A stream of class-action lawsuits have been filed against businesses alleging that they unlawfully solicited business through the use of fax machines.

Many businesses use facsimile advertisements to solicit business from current or prospective clients. Such businesses should be aware that certain business faxes are regulated by the Federal Trade Commission ("FTC"). In 1991, Congress passed the Telephone Consumer Protection Act ("TCPA") primarily in an effort to curtail telephone marketers' invasion into the American consumer's safety and privacy. This law is perhaps most associated with the "Do not call list" and regulations targeted at unsolicited phone calls from telephone marketers. However, among other things, the TCPA restricts the sending of unsolicited advertisements by facsimile (or any other device).
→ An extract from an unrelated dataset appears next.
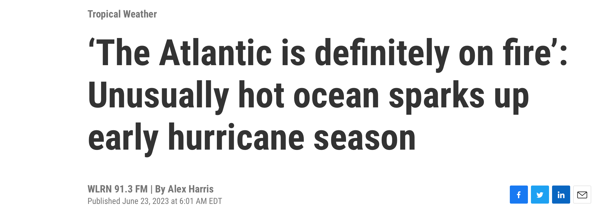 The quote came from a marine scientist. “The Atlantic is definitely on fire,” said Micheal Fischer, an assistant scientist with the University of Miami-NOAA Cooperative Institute for Marine and Atmospheric Studies, providing the alarming language in the headline. He didn’t mean a proper fire, or that the ocean is now a giant all-you-can eat bouillabaisse.

Unsolicited advertisements are defined as "any material advertising the commercial availability or quality of any property, goods, or services which is transmitted to any person without the person's prior express invitation or permission." 47 C.F.R. Sec. 64.1200(f)(5). Under the TCPA, businesses may not send unsolicited faxed advertisements unless the communication falls within one of the TCPA exceptions. One notable exception is that businesses may send unsolicited faxed advertisements to persons and entities with which it has an established business relationship. It is important to note, however, that the established business relationship exception was recently reevaluated by the FTC in its July 3, 2003 Order and Report which declared that the TCPA "requires a person or entity to obtain the prior express invitation or permission of the recipient before transmitting an unsolicited fax advertisement." (July 3, 2003 Report and Order; FTC 03-153). Pursuant to the July 3, 2003 Report and Order, the express invitation or permission must be in writing, the recipient must indicate their acceptance by their signature, the recipient must clearly indicate that they wish to receive faxed advertisements from the business and the recipient must indicate the facsimile number to which the advertisements may be sent.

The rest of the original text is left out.